--- What is needed ---
Please write out only the lines from the line with "14 in. Shutter" to the line with "午後からの見学は、午前のエリ", inclusive, exactly as they stand below, without the pictures.

[Extracted data entries]
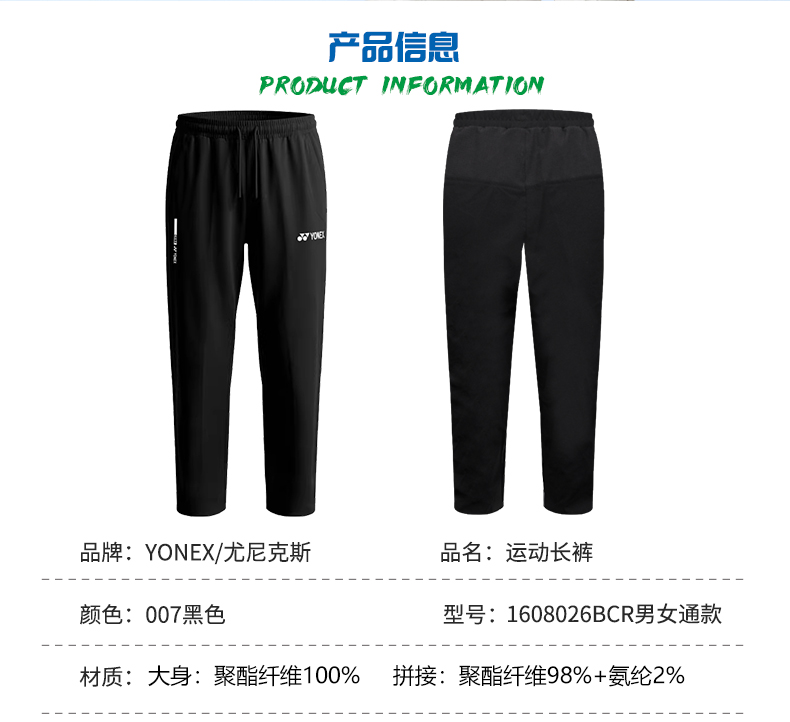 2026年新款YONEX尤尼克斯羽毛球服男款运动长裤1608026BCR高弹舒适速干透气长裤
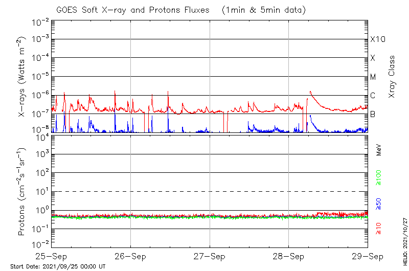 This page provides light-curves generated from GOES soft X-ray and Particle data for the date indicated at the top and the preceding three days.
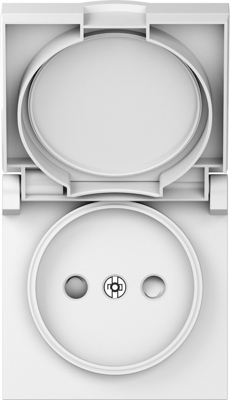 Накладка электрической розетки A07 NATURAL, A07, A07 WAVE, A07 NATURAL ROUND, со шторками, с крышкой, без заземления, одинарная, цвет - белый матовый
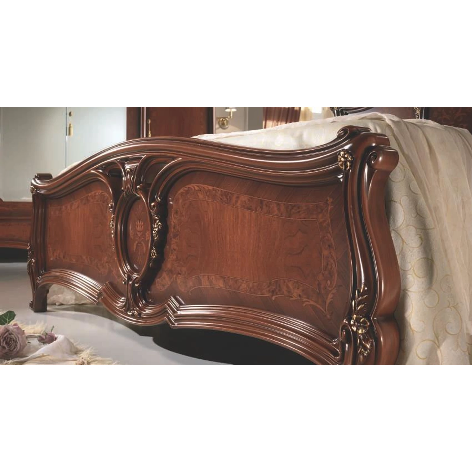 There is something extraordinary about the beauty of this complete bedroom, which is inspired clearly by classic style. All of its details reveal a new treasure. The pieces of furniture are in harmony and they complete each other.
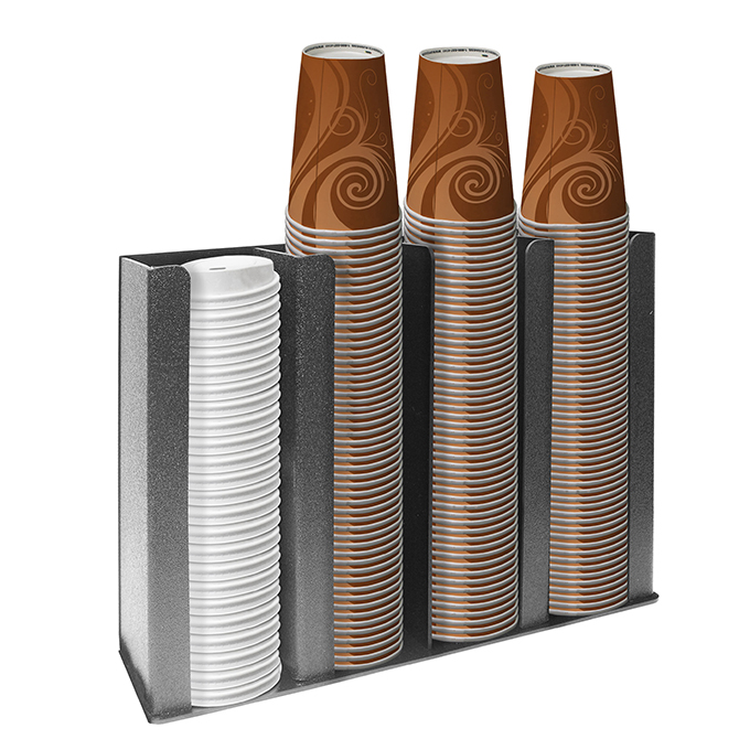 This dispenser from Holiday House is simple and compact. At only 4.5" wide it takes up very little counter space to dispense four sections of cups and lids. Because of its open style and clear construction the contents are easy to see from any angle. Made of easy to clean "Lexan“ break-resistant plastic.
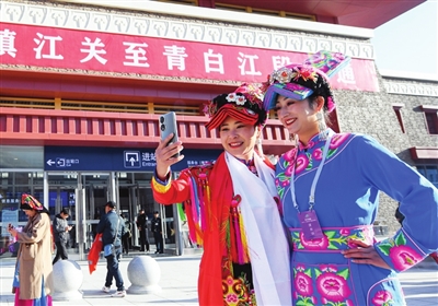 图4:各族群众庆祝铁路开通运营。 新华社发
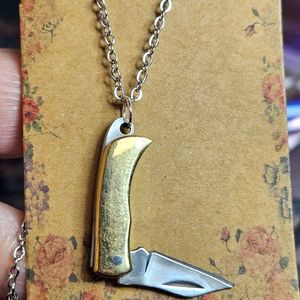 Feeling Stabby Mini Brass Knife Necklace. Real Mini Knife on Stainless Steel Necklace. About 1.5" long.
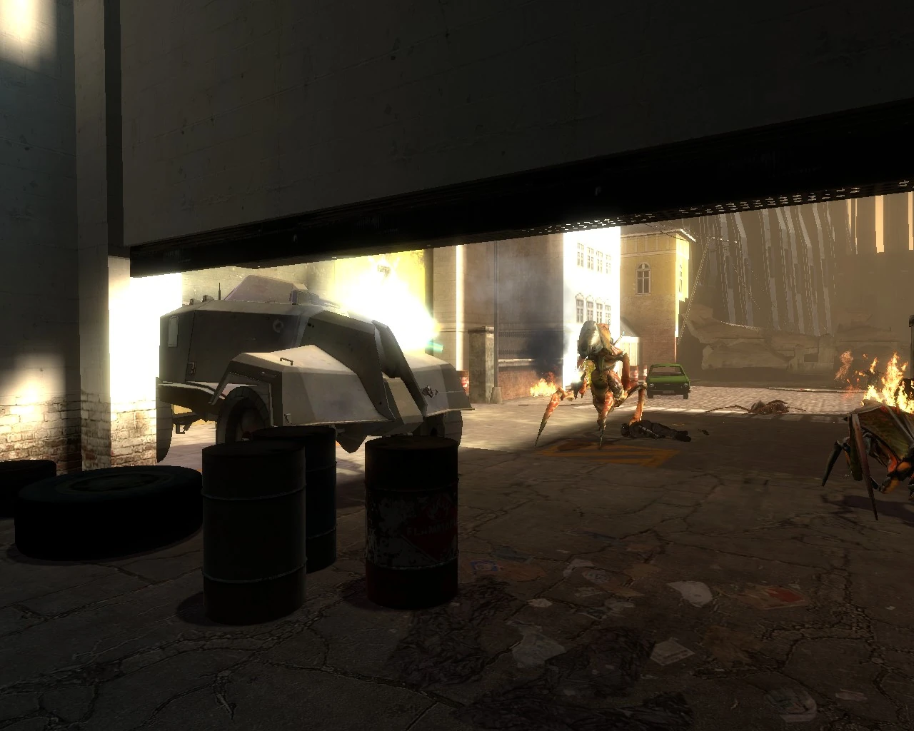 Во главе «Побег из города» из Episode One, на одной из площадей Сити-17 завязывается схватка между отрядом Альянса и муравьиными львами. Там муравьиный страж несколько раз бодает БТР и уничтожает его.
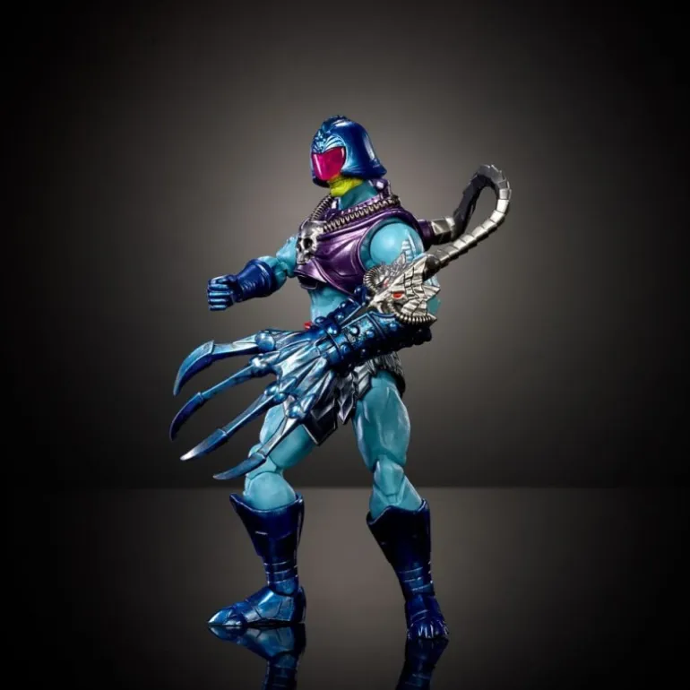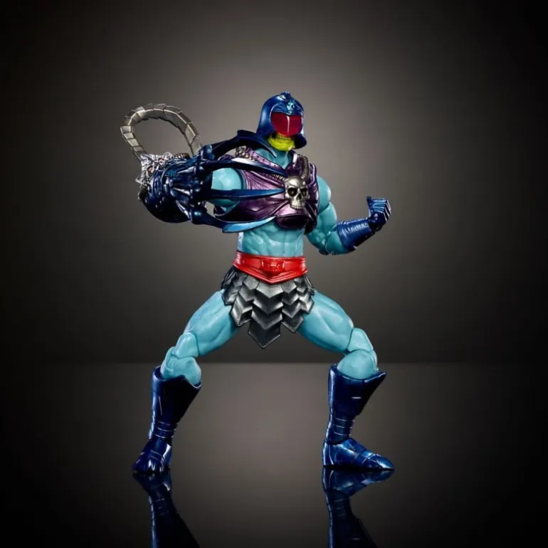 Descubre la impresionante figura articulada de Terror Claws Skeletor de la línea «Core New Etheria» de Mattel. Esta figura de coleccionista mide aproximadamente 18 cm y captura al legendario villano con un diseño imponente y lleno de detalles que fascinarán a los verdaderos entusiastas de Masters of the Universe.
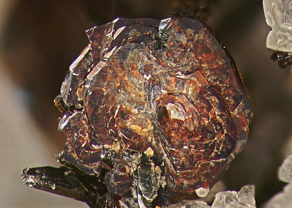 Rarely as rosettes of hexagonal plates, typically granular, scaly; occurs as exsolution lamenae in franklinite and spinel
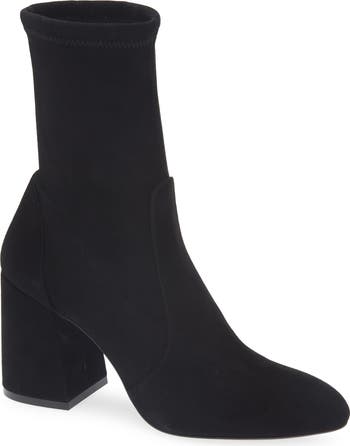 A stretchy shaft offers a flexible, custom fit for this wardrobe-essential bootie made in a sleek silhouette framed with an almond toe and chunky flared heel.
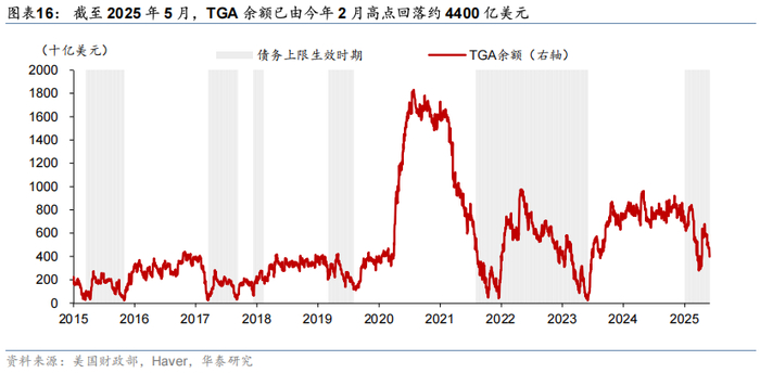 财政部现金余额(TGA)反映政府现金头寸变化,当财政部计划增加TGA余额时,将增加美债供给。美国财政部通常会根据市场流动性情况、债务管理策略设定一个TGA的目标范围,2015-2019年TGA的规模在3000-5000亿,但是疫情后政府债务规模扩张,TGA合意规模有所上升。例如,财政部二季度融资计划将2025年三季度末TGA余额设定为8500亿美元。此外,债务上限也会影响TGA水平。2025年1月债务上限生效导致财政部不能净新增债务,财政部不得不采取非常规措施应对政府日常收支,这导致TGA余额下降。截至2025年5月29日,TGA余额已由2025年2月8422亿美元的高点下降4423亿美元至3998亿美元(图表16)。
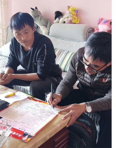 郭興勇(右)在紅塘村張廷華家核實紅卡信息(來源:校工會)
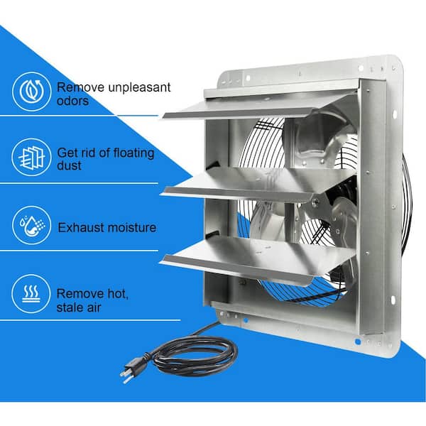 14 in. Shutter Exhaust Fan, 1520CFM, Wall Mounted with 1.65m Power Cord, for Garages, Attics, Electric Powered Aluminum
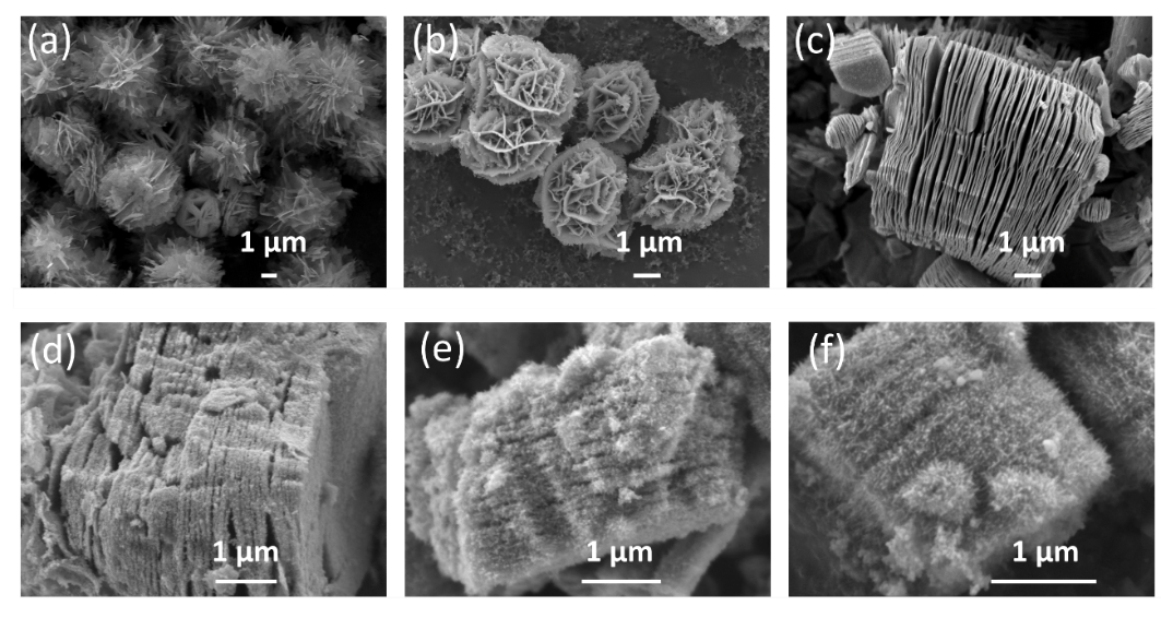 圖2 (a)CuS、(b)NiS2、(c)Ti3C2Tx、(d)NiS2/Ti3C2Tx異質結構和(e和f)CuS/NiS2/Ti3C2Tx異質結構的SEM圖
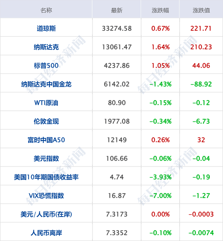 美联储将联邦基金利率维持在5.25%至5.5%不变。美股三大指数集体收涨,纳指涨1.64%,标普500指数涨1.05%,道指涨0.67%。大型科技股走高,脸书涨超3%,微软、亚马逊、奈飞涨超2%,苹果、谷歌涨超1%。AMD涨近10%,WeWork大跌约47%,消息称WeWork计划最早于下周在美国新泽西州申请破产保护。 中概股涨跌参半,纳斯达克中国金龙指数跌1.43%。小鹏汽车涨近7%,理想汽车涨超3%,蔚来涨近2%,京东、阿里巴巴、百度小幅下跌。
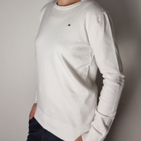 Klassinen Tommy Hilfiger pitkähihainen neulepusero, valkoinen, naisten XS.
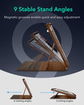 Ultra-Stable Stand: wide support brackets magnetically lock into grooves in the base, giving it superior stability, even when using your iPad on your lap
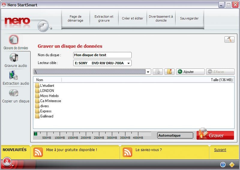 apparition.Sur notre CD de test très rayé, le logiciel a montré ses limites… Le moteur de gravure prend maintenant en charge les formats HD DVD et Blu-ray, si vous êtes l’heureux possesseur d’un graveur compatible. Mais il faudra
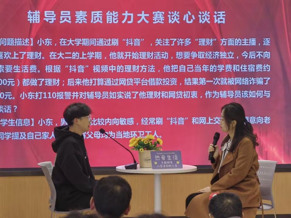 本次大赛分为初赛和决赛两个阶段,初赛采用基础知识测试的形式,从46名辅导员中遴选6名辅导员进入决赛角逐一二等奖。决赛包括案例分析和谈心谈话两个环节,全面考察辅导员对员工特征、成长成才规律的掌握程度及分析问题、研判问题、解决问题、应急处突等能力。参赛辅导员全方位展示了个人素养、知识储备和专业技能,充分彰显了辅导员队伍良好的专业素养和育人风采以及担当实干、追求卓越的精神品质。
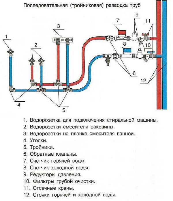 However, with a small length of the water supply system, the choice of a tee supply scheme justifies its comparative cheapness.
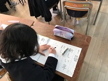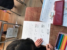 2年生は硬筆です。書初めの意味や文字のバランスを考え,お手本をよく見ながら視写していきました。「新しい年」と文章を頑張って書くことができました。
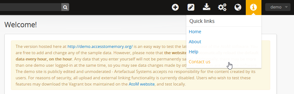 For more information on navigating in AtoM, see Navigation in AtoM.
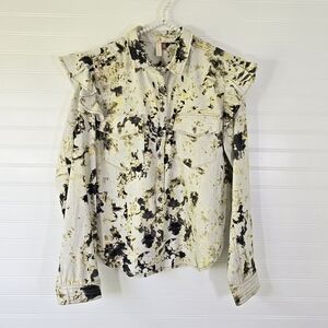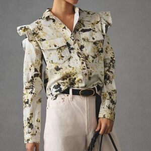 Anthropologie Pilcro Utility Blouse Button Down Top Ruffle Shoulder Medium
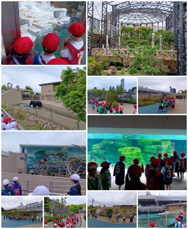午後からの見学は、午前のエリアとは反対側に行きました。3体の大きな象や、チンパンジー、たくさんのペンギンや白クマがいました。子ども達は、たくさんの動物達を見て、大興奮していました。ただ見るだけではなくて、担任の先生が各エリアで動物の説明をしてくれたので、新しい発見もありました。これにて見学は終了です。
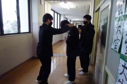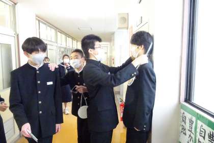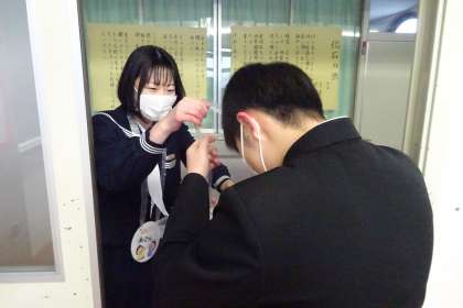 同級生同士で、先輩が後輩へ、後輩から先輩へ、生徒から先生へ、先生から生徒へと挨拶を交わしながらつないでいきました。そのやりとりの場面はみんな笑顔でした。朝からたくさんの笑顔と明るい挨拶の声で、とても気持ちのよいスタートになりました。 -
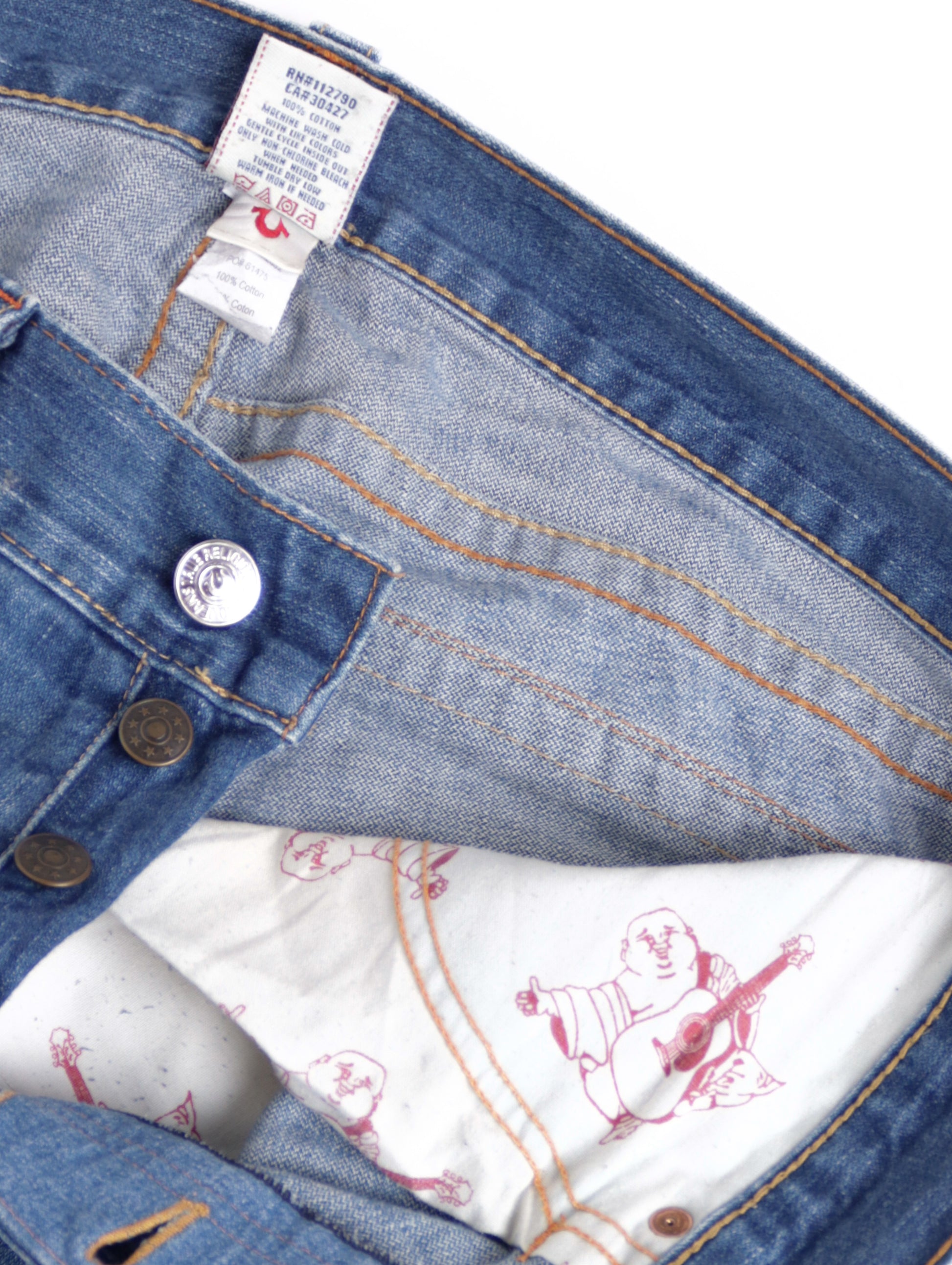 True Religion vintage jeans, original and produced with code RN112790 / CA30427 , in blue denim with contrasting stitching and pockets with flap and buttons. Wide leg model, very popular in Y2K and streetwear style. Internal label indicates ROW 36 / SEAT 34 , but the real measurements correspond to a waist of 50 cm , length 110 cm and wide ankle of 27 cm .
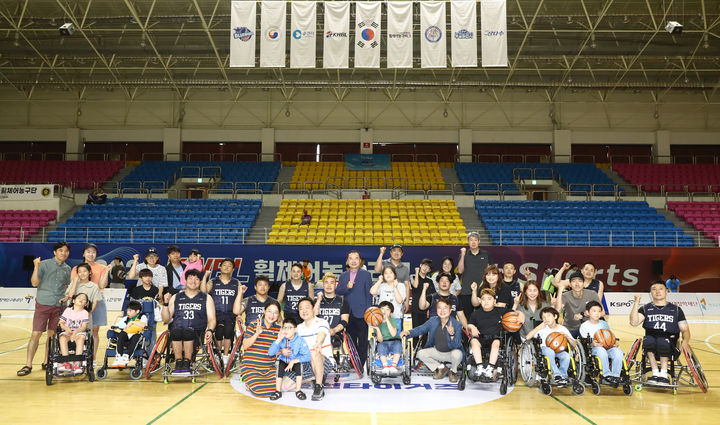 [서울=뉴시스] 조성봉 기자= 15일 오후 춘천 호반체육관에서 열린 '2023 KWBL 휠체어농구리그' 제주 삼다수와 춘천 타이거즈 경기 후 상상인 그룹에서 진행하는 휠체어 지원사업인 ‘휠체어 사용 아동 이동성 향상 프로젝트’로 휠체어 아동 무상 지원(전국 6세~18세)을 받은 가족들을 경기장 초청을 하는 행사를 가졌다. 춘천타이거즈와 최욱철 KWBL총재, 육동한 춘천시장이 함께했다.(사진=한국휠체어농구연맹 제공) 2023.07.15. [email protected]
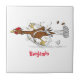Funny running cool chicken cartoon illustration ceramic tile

--- Exercise answer ---
 14 in. Shutter Exhaust Fan, 1520CFM, Wall Mounted with 1.65m Power Cord, for Garages, Attics, Electric Powered Aluminum
 圖2 (a)CuS、(b)NiS2、(c)Ti3C2Tx、(d)NiS2/Ti3C2Tx異質結構和(e和f)CuS/NiS2/Ti3C2Tx異質結構的SEM圖
 美联储将联邦基金利率维持在5.25%至5.5%不变。美股三大指数集体收涨,纳指涨1.64%,标普500指数涨1.05%,道指涨0.67%。大型科技股走高,脸书涨超3%,微软、亚马逊、奈飞涨超2%,苹果、谷歌涨超1%。AMD涨近10%,WeWork大跌约47%,消息称WeWork计划最早于下周在美国新泽西州申请破产保护。 中概股涨跌参半,纳斯达克中国金龙指数跌1.43%。小鹏汽车涨近7%,理想汽车涨超3%,蔚来涨近2%,京东、阿里巴巴、百度小幅下跌。
 Klassinen Tommy Hilfiger pitkähihainen neulepusero, valkoinen, naisten XS.
 Ultra-Stable Stand: wide support brackets magnetically lock into grooves in the base, giving it superior stability, even when using your iPad on your lap
 apparition.Sur notre CD de test très rayé, le logiciel a montré ses limites… Le moteur de gravure prend maintenant en charge les formats HD DVD et Blu-ray, si vous êtes l’heureux possesseur d’un graveur compatible. Mais il faudra
 本次大赛分为初赛和决赛两个阶段,初赛采用基础知识测试的形式,从46名辅导员中遴选6名辅导员进入决赛角逐一二等奖。决赛包括案例分析和谈心谈话两个环节,全面考察辅导员对员工特征、成长成才规律的掌握程度及分析问题、研判问题、解决问题、应急处突等能力。参赛辅导员全方位展示了个人素养、知识储备和专业技能,充分彰显了辅导员队伍良好的专业素养和育人风采以及担当实干、追求卓越的精神品质。
 However, with a small length of the water supply system, the choice of a tee supply scheme justifies its comparative cheapness.
 2年生は硬筆です。書初めの意味や文字のバランスを考え,お手本をよく見ながら視写していきました。「新しい年」と文章を頑張って書くことができました。
 For more information on navigating in AtoM, see Navigation in AtoM.
 Anthropologie Pilcro Utility Blouse Button Down Top Ruffle Shoulder Medium
午後からの見学は、午前のエリアとは反対側に行きました。3体の大きな象や、チンパンジー、たくさんのペンギンや白クマがいました。子ども達は、たくさんの動物達を見て、大興奮していました。ただ見るだけではなくて、担任の先生が各エリアで動物の説明をしてくれたので、新しい発見もありました。これにて見学は終了です。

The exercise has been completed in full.